A Flex Primer

Flex is a preprocessor. Flex can generate C or C++ compatible code. It is essentially the same program as Lex with a few changes.

A Flex program has 3 sections: definitions, rules, user subroutines. Each section is separated by a pair of percents signs (%) in the first column. The form is roughly like:

definitions
%%
rules
%%
user subroutine section

The Definition Section

In the definitions section you can have a region of text that is explicitly copied to the output. This section usually contains includes, global variables declarations and prototypes of functions declared in the user subroutine section. This region of copied code is contained between %{ and %} Warning: It is NOT   %{ and }%!:

%{
code to copy into the final program
%}

After this can come pattern macros and few other options.

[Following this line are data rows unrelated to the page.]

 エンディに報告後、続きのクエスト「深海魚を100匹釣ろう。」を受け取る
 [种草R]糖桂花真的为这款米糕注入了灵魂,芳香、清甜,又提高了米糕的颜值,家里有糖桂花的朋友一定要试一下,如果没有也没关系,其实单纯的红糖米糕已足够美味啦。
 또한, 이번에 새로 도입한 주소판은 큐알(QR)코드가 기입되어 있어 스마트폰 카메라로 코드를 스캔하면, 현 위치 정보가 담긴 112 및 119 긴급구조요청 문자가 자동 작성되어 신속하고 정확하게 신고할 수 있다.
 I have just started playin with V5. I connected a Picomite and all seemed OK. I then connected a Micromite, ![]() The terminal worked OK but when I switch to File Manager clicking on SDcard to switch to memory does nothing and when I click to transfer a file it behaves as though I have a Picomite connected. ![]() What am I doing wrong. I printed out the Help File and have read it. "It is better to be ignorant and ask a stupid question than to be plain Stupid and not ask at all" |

Pattern Macros are defined by giving a name followed by the definition. For example: name [a-z][a-z0-9]*

The Rules Section

The rules section contains pattern/action pairs.

pattern action
pattern action
pattern action

The user subroutine section, of course, contains user subroutines and the main program which usually invokes the yylex subroutine.

Patterns are regular expressions for matching strings.

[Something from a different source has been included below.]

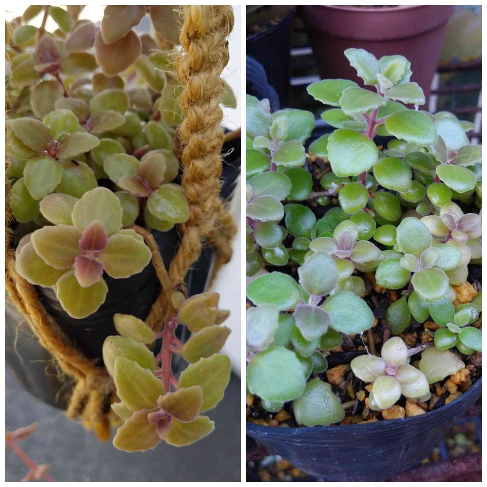 左の子、半日直射があたる場所にいる子。少し色付いて模様も見えます。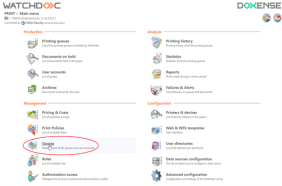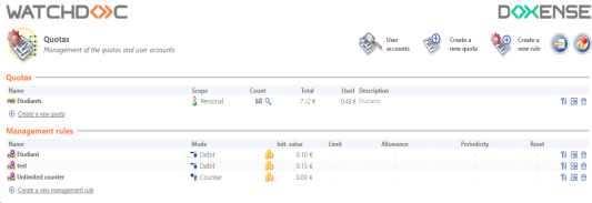 The list displays all of the quotas and management rules declared in the Watchdoc® application:

  Any character that does not have special meaning matches itself.
\t matches tab
\n matches newline
. dot matches any char except a newline
\ is used to make any special character lose its special status and match just the character, except in the special cases where the \ character has a meaning in C such as tab or newline.
* matches 0 or more copies of the pattern preceding the *
+ matches 1 or more copies of the previous pattern
? matches 0 or 1 copies of the previous pattern
{x,y} x through y copies of the previous patterns
[ ] character set. If (^) is the first character it is the inverse or complement of the character set about to be specified. - in between two characters in a character set means range of characters as in [a-z] means the lowercase letters and [aeiou] means the vowels and [a-zA-Z] means all letters. Note that if you use the not character (^) that the resulting character class pattern will match \n
/ means "match if followed by" for example dog/cat match the 3 characters "dog" if followed by the three characters "cat". "cat" is not actually matched.
$ at the end of a pattern matches at the end of line
^ at the beginning of a pattern matches beginning of line
| alternation. cat|dog means cat or dog.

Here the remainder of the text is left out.